» Problem description:
All of the data should be output character for character, except the pictures.

» Collected material:
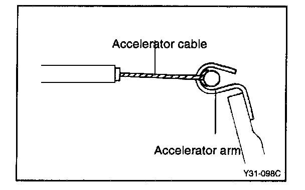 3. Securely install the resin bushing of the accelerator cable on the end of the accelerator arm.
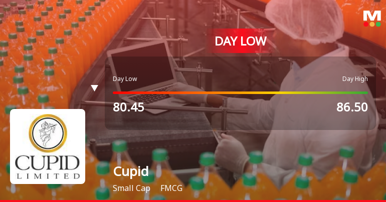 2026-03-12 15:15:53Cupid Ltd’s shares touched an intraday low of Rs 80.55, marking a 7.41% decline as the stock underperformed the FMCG sector and broader market indices amid persistent selling pressure on 12 Mar 2026.
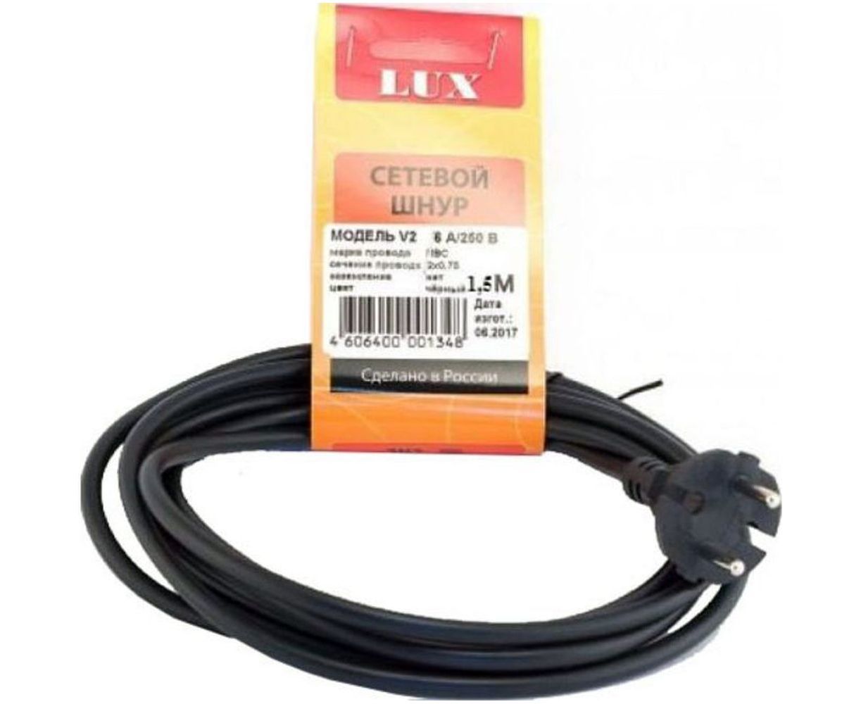 Сетевой шнур с вилкой Lux V2 ПВС 2x0.75 мм 1.5 м черный без заземления 4606400001331

» Result:
 3. Securely install the resin bushing of the accelerator cable on the end of the accelerator arm.
 2026-03-12 15:15:53Cupid Ltd’s shares touched an intraday low of Rs 80.55, marking a 7.41% decline as the stock underperformed the FMCG sector and broader market indices amid persistent selling pressure on 12 Mar 2026.
 Сетевой шнур с вилкой Lux V2 ПВС 2x0.75 мм 1.5 м черный без заземления 4606400001331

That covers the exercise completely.